# Throw the dice

In [1]:
import numpy as np

In [2]:
np.random.choice(np.arange(1, 7), 10)

array([6, 3, 4, 1, 2, 1, 6, 5, 3, 2])

In [3]:
np.random.choice(np.arange(1, 7), 10, replace=True) # By default "replace" is "True"

array([6, 4, 5, 1, 3, 6, 4, 6, 5, 1])

In [4]:
np.random.choice(np.arange(1, 7), 5, replace=False)

array([6, 1, 3, 2, 5])

In [5]:
p = np.array([1, 1, 1, 3, 3, 3]); p = p / np.sum(p)
np.random.choice(np.arange(1, 7), 10, p = p)

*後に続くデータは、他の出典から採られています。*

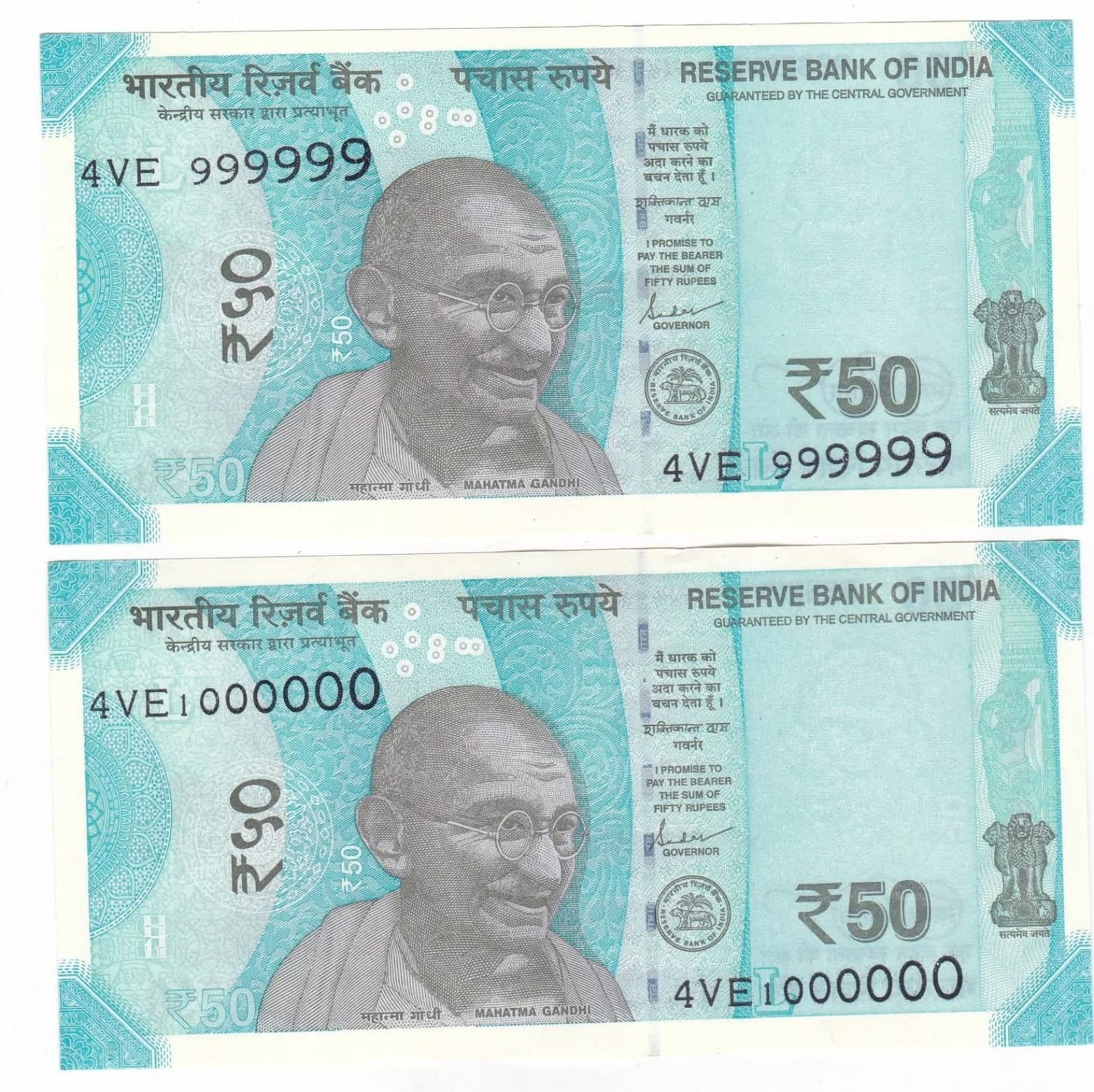Rs 50 Fancy Number Pair – 999999 and 1000000

array([5, 6, 4, 3, 4, 2, 5, 5, 4, 3])

# Expected value and Variance

In [6]:
import numpy as np

#### 正規分布

np.random.normal(loc = 0.0, scale = 1.0, size = None)

オプションのlocは期待値，scaleは標準偏差，sizeはサンプル数

#### 標準正規分布

np.random.randn(d0, d1, d2, ...)

標準正規分布は，期待値0, 分散1の正規分布．(d0, d1, d2, ...) のサイズの配列に，標準正規分布からのサンプルを格納

#### 一様分布

np.random.uniform(low = 0.0, high = 1.0, size = None)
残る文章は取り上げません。